Data records:
##########
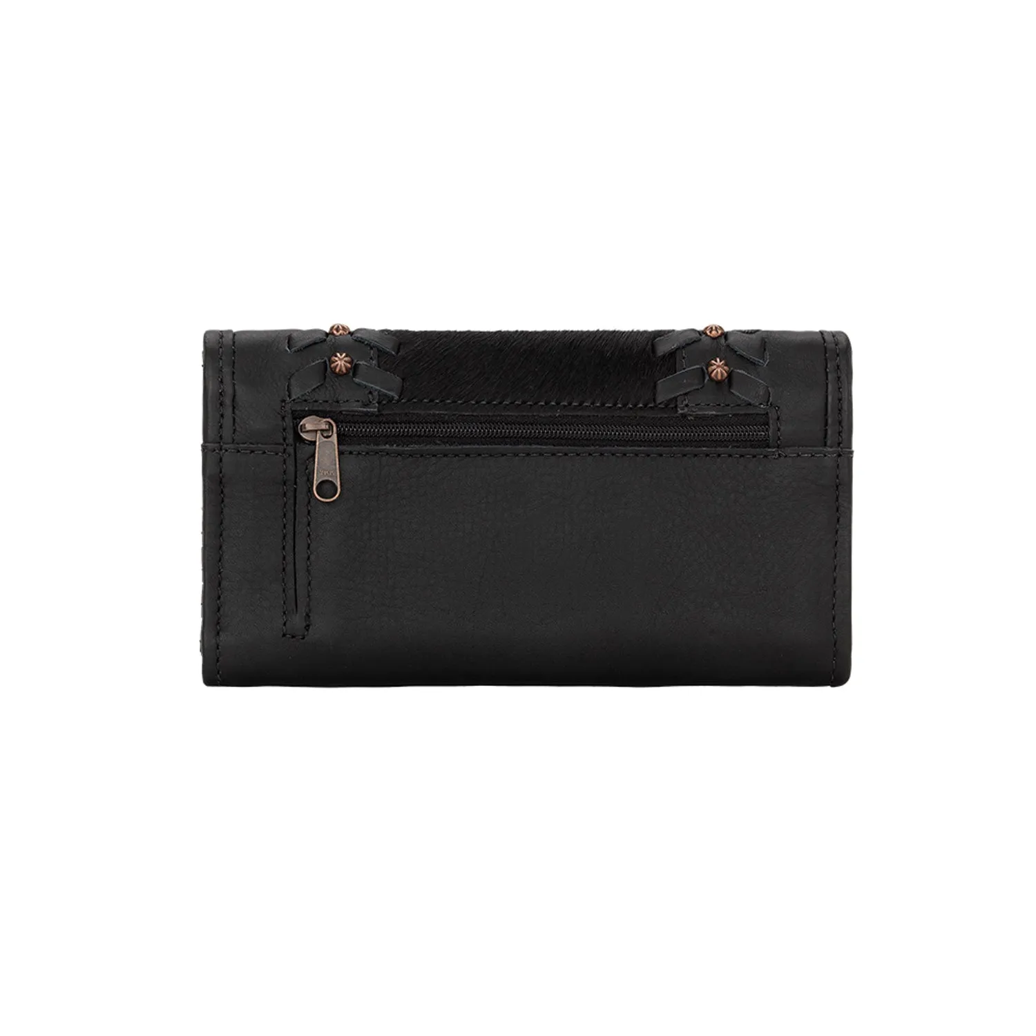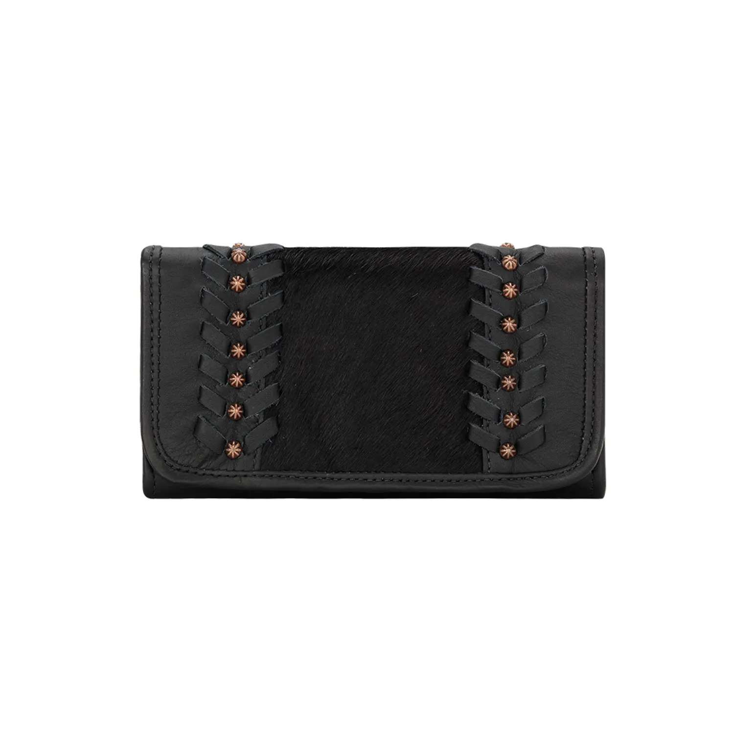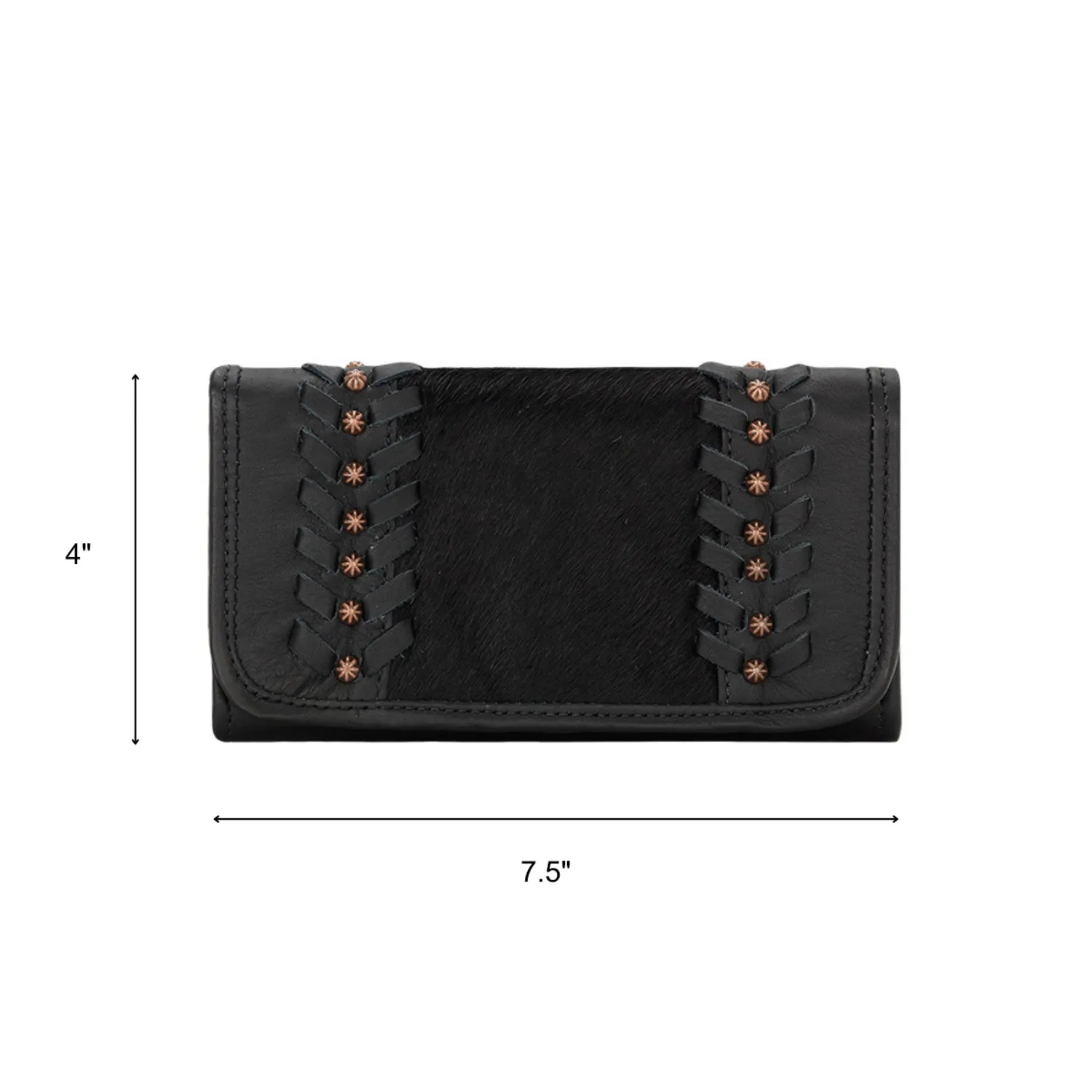 American West Womens Cow Town Black Hair-On Leather Trifold Wallet
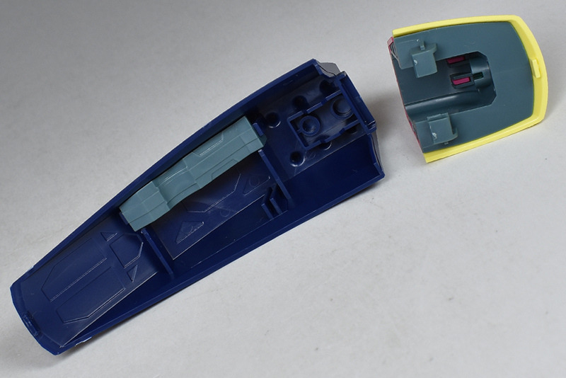 Torso. It is relatively small in size because it needs to be stored inside the skirt armor during transformation. The chest is covered with armor that is divided into colored parts, but the internal frame is exposed in the abdomen and other areas. The abdomen is a left and right sandwiched type, but is molded in stepped sections. The power pipes are separate parts and color-coded.
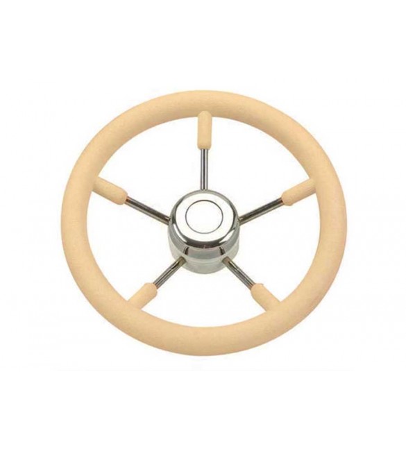 VOLANTE CLASSIC P/STEEL DIAMETRO 350 MM 5 RAZZE ACCIAIO INOX IMPUGNATURE P0LIURETANO COLORE CREMA
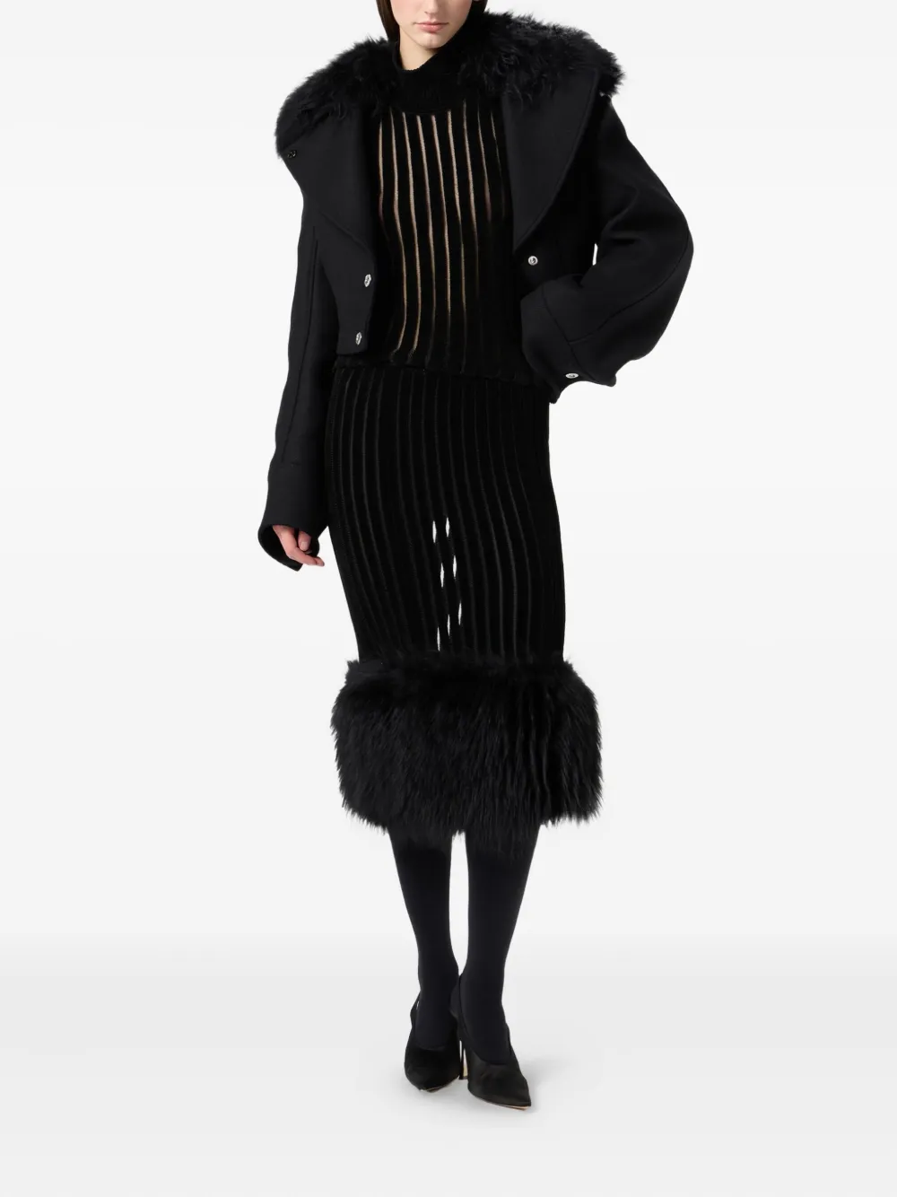 Топ в рубчик с высоким воротником Blumarine, черный 57 815₽
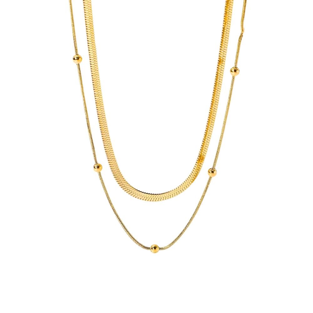 Este sofisticado collar dorado presenta un diseño de doble capa que aporta profundidad y estilo a la joya. Combina una cadena tipo espiga con una cadena fina decorada con pequeñas esferas doradas distribuidas de forma armoniosa, creando un equilibrio perfecto entre elegancia y modernidad. Su acabado brillante resalta la delicadeza del diseño, convirtiéndolo en un accesorio versátil que puede usarse tanto de día como de noche. Ideal para llevar solo o combinado con otros collares, esta pieza es perfecta para quienes buscan un toque refinado y actual en su look diario.
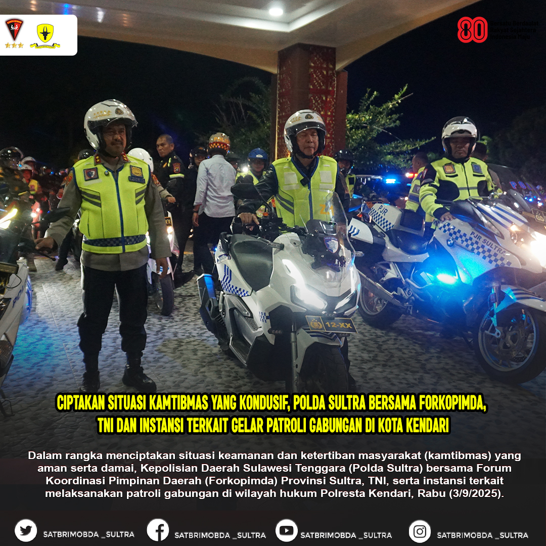 Kendari-Dalam rangka menciptakan situasi keamanan dan ketertiban masyarakat (kamtibmas) yang aman serta damai, Kepolisian Daerah Sulawesi Tenggara (Polda Sultra) bersama Forum Koordinasi Pimpinan Daerah (Forkopimda) Provinsi Sultra, TNI, serta instansi terkait melaksanakan patroli gabungan di wilayah hukum Polresta Kendari, Rabu (3/9/2025).
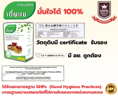 ได้รับรองมาตรฐาน GHPs (Good Hygiene Practices) มาตรฐานความปลอดภัยที่ได้การรับรองจากหน่วยงานสากล
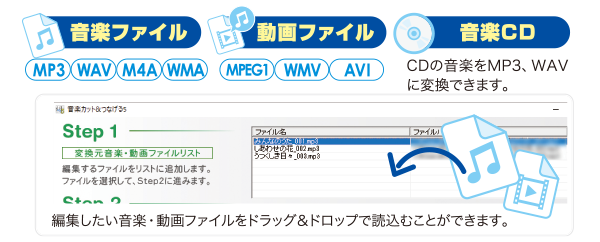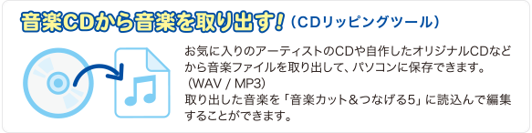 | 対応ファイル形式 | <音楽カット&つなげる5> <音楽コンバーター2> <CDリッピングツール> |
##########
Your task is an exact printout of the records above, with no pictures.

SOLUTION FOR THIS TASK:
 American West Womens Cow Town Black Hair-On Leather Trifold Wallet
 Torso. It is relatively small in size because it needs to be stored inside the skirt armor during transformation. The chest is covered with armor that is divided into colored parts, but the internal frame is exposed in the abdomen and other areas. The abdomen is a left and right sandwiched type, but is molded in stepped sections. The power pipes are separate parts and color-coded.
 VOLANTE CLASSIC P/STEEL DIAMETRO 350 MM 5 RAZZE ACCIAIO INOX IMPUGNATURE P0LIURETANO COLORE CREMA
 Топ в рубчик с высоким воротником Blumarine, черный 57 815₽
 Este sofisticado collar dorado presenta un diseño de doble capa que aporta profundidad y estilo a la joya. Combina una cadena tipo espiga con una cadena fina decorada con pequeñas esferas doradas distribuidas de forma armoniosa, creando un equilibrio perfecto entre elegancia y modernidad. Su acabado brillante resalta la delicadeza del diseño, convirtiéndolo en un accesorio versátil que puede usarse tanto de día como de noche. Ideal para llevar solo o combinado con otros collares, esta pieza es perfecta para quienes buscan un toque refinado y actual en su look diario.
 Kendari-Dalam rangka menciptakan situasi keamanan dan ketertiban masyarakat (kamtibmas) yang aman serta damai, Kepolisian Daerah Sulawesi Tenggara (Polda Sultra) bersama Forum Koordinasi Pimpinan Daerah (Forkopimda) Provinsi Sultra, TNI, serta instansi terkait melaksanakan patroli gabungan di wilayah hukum Polresta Kendari, Rabu (3/9/2025).
 ได้รับรองมาตรฐาน GHPs (Good Hygiene Practices) มาตรฐานความปลอดภัยที่ได้การรับรองจากหน่วยงานสากล
 | 対応ファイル形式 | <音楽カット&つなげる5> <音楽コンバーター2> <CDリッピングツール> |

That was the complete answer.